• _WORK TO COMPLETE_
Leave the pictures out. Retype exactly the lines below from the one containing "13. Shipunova O., Berezovskaya" through the one containing "The Eddie Short", and no others.

[Excerpts from a dataset]
-*-

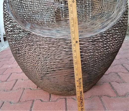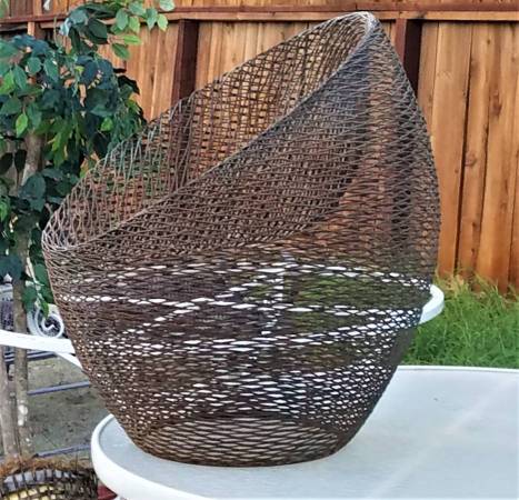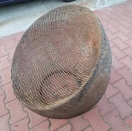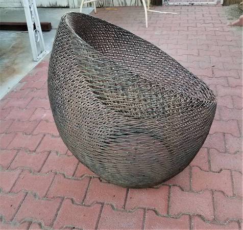 It is very heavy and solid design from thick iron rod strands welded into a wire mesh and formed into a cocoon egg shaped chair.
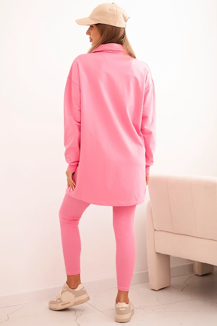 - Bluza ima udoban kroj i klasičan izrez, a tajice imaju elastičan struk i pripijeni kroj.
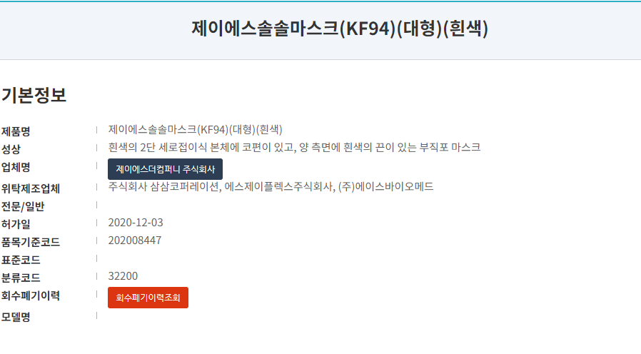 마스크 정보는 아내롸 같으며 식약처 불량마스크로 등록된 이력은 없습니다.
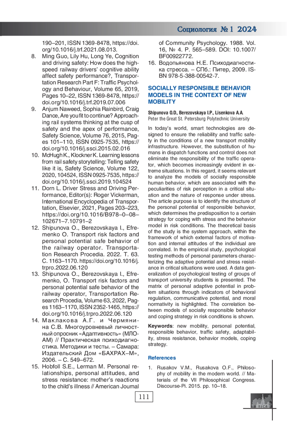 13. Shipunova O., Berezovskaya I., Efremenko, O. Transport risk factors and personal potential safe behavior of the railway operator, Transportation Research Procedia, Volume 63, 2022, Pages 1163-1170, ISSN 2352-1465,. DOI: 10.1016/j.trpro.2022.06.120 EDN: FQVOIL
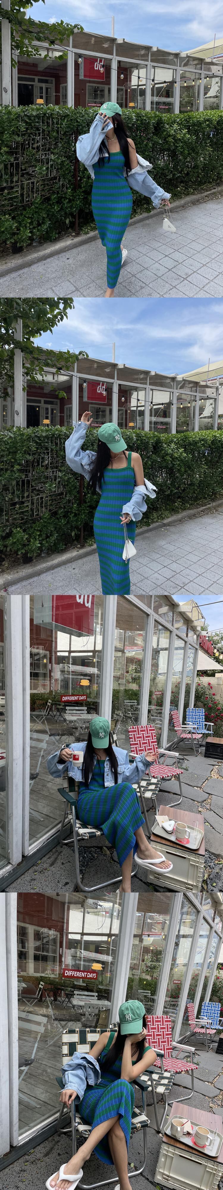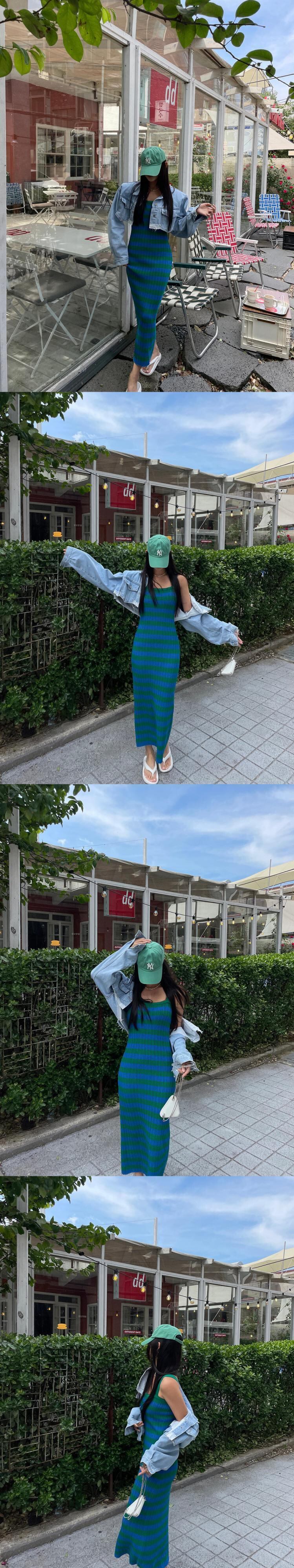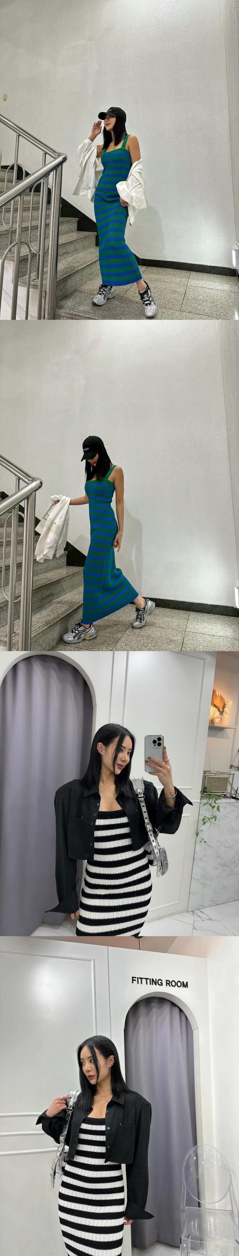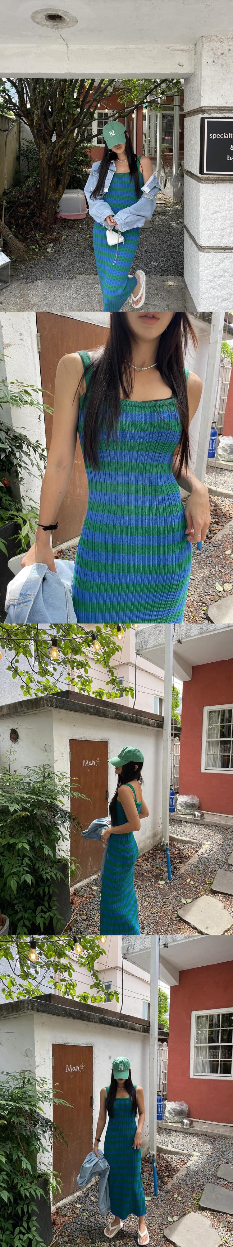 [EWQ] ニットドレススクエアネックコントラストストライプジャカードスリムフィットノースリーブラップヒップニットドレス夏 961 サマー 夏物 スクウェア
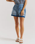 The Eddie Short combines the soft feel of knit denim with a mid-high rise fit for added comfort. Featuring an elasticated back waistband and a fly front, these shorts offer a polished look with an effortless feel.
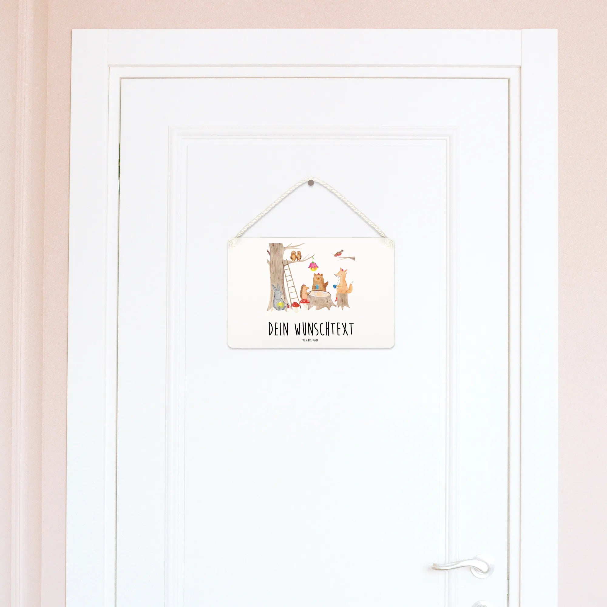 Du suchst das perfekte Geschenk für Freunde, Familie oder einfach für dich selbst? Dann ist das personalisierte Deko Schild "Waldtiere Picknick" aus der bezaubernden Small World Kollektion von Mr. & Mrs. Panda genau das Richtige! Mit niedlichen Waldtieren wie Fuchs, Hase, Igel und Eichhörnchen, die alle zusammen ein fröhliches Picknick im zauberhaften Wald veranstalten, bringt dieses Schild sofort gute Laune in jedes Zuhause. Das Schild ist personalisierbar mit deinem Wunschnamen oder einem Wunschtext. So wird es zu einem ganz persönlichen Kunstwerk, das in jedem Raum zum Blickfang wird.
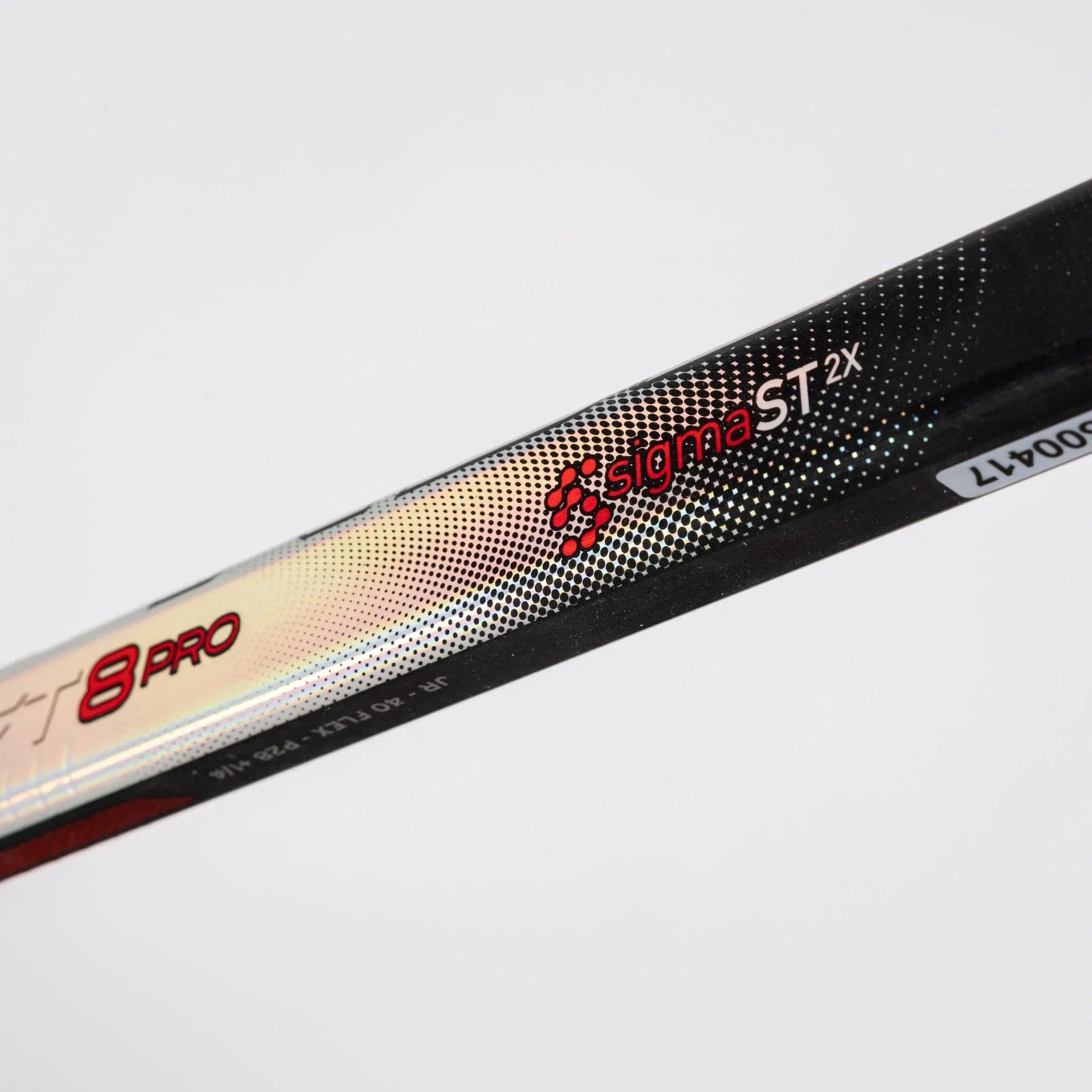 When creating the blade on the FT8 Pro hockey stick, CCM implemented a new soft-stiff evo blade with helicoid technology. This is a new generation of CCM blade that plays like a mix of the FT6 Pro stiff toe and the FT7 Pro shorter heel to provide players with optimal puck feel and excellent shooting performance. There is also Sigma ST2X carbon weave spread tow in the shaft and blade.

-*-

• _RESULT FOR THIS TASK_
 13. Shipunova O., Berezovskaya I., Efremenko, O. Transport risk factors and personal potential safe behavior of the railway operator, Transportation Research Procedia, Volume 63, 2022, Pages 1163-1170, ISSN 2352-1465,. DOI: 10.1016/j.trpro.2022.06.120 EDN: FQVOIL
 [EWQ] ニットドレススクエアネックコントラストストライプジャカードスリムフィットノースリーブラップヒップニットドレス夏 961 サマー 夏物 スクウェア
 The Eddie Short combines the soft feel of knit denim with a mid-high rise fit for added comfort. Featuring an elasticated back waistband and a fly front, these shorts offer a polished look with an effortless feel.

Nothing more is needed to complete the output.